Notes to Consolidated Financial Statements
(Unaudited)

1. Basis of Presentation:

The consolidated financial statements included herein have not been audited by an independent registered public accounting firm, but include all adjustments (consisting of normal recurring entries), which are, in the opinion of management, necessary for a fair presentation of the results for such periods.

Certain information and footnote disclosure normally included in financial statements prepared in accordance with generally accepted accounting principles has been omitted pursuant to the requirements of the Securities and Exchange Commission, although Meridian believes that the disclosures included in these financial statements are adequate to make the information not misleading.

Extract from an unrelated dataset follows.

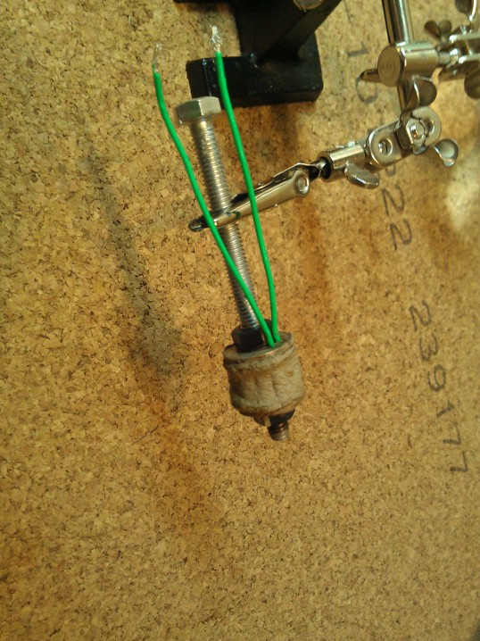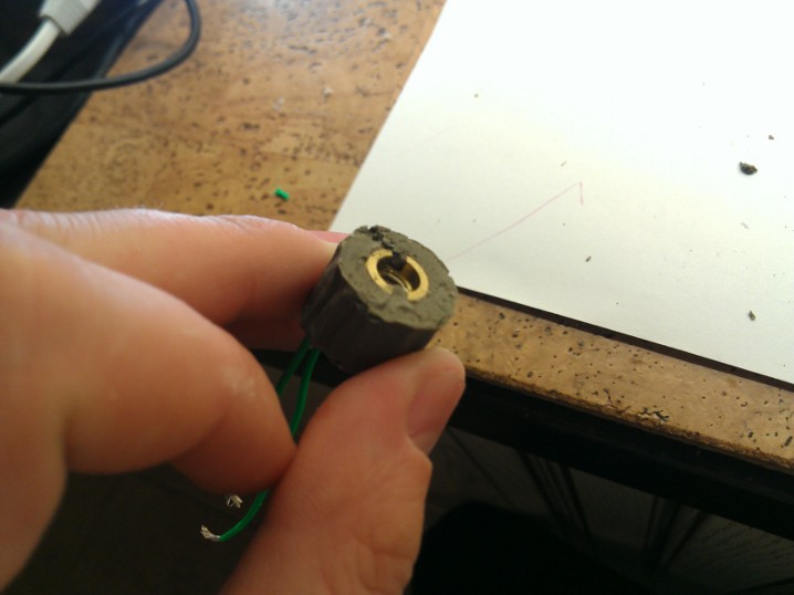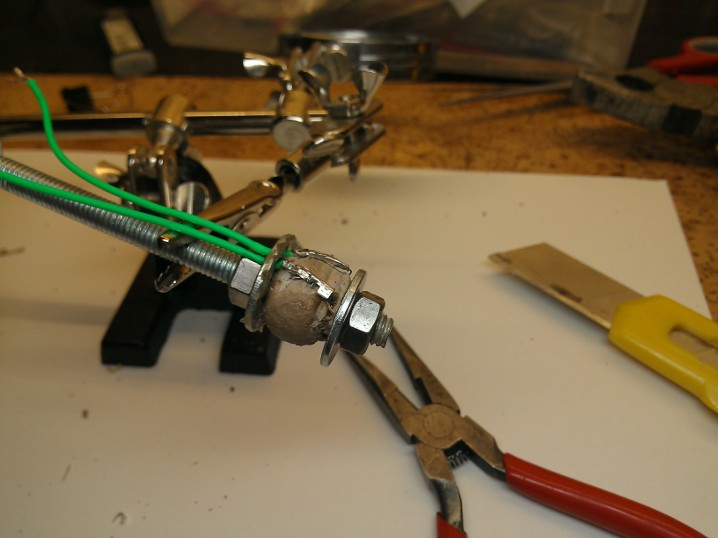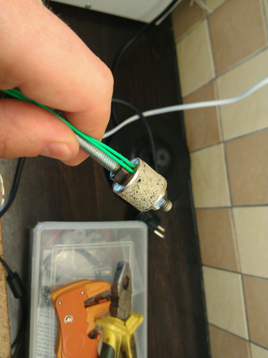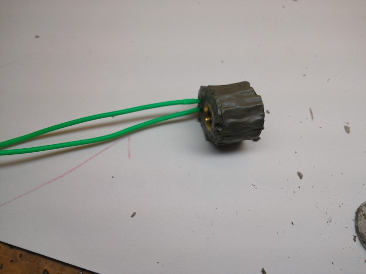 Далее собираем конструкцию с шайбой. В шайбе заранее проделал две канавки для проводов.

It is suggested that these consolidated financial statements be read in conjunction with the consolidated financial statements and notes thereto, included in Meridian’s Annual Report on Form 10-K for the Year Ended September 30, 2003.

The results of operations for the interim periods are not necessarily indicative of the results to be expected for the year.

2. Significant Accounting Policies:

     a) Translation of Foreign Currency -

Assets and liabilities of foreign operations are translated using period-end exchange rates with gains or losses resulting from translation included in a separate component of accumulated other comprehensive income (loss). Revenues and expenses are translated using exchange rates prevailing during the period. Meridian also recognizes foreign currency transaction gains and losses on certain assets and liabilities that are denominated in the Euro currency. These gains and losses are included in other income and expense in the accompanying consolidated statements of operations.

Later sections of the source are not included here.